The next case is R.D. v. Korda, Case No. 89-0538, where petitioner was arrested on February 3, 1989, on charges of battery on a law enforcement officer and resisting arrest. He was placed in secure detention for twenty-one days. After that, he moved for release, and again the court placed him in nonsecure detention. To this, the attorney general responded by stating that the case was about to become moot because the assistant state attorney was about to seek petitioner's release. Once again, the case is not moot, and petitioner is entitled to release forthwith if he has not been released by this time.

The final case is D.S. v.
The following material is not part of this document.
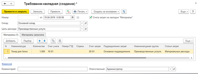 Создаем "Требование - накладную»", как на рисунке выше. В документ в автоматическом порядке перенесены данные спецификации. Поэтому нужно только заполнить склад, откуда производится списывание расходников. Указываем цель расхода, как в примере - "Производственные услуги".
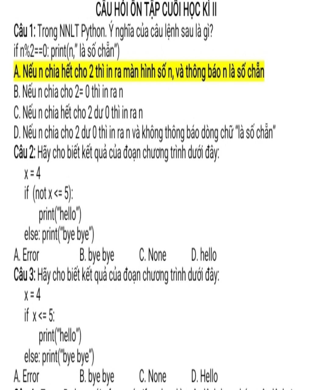 Câu 1: A. Nếu n chia hết cho 2 thì in ra màn hình số n, và thông báo n là số chẵn

Korda, Case No. 89-0556, in which petitioner was arrested on February 8, 1989, for burglary of an occupied dwelling, aggravated battery and grand theft. He was held in secure detention, then placed in nonsecure detention. After expiration of the twenty-one day period, he then moved for release. Again, the court denied the motion for release, continuing petitioner's detention. Here, the attorney general argues that the court correctly denied his motion for release because petitioner had a criminal record and presently faced felony charges. However, the fact that a juvenile has a past criminal record, or that he presently faces felony charges, does not provide grounds for extending the twenty-one day detention period.

Accordingly, we grant the petitions for writ of habeas corpus in each of the consolidated cases and direct that the petitioners be released from detention forthwith. We also direct, however, that the particular judge named as respondent in each petition be struck from the style of each case, and that the remaining respondent is Gregory *794 Johnson, superintendent of the Broward Regional Juvenile Detention Center.

HERSEY, C.J., and DOWNEY and POLEN, JJ., concur.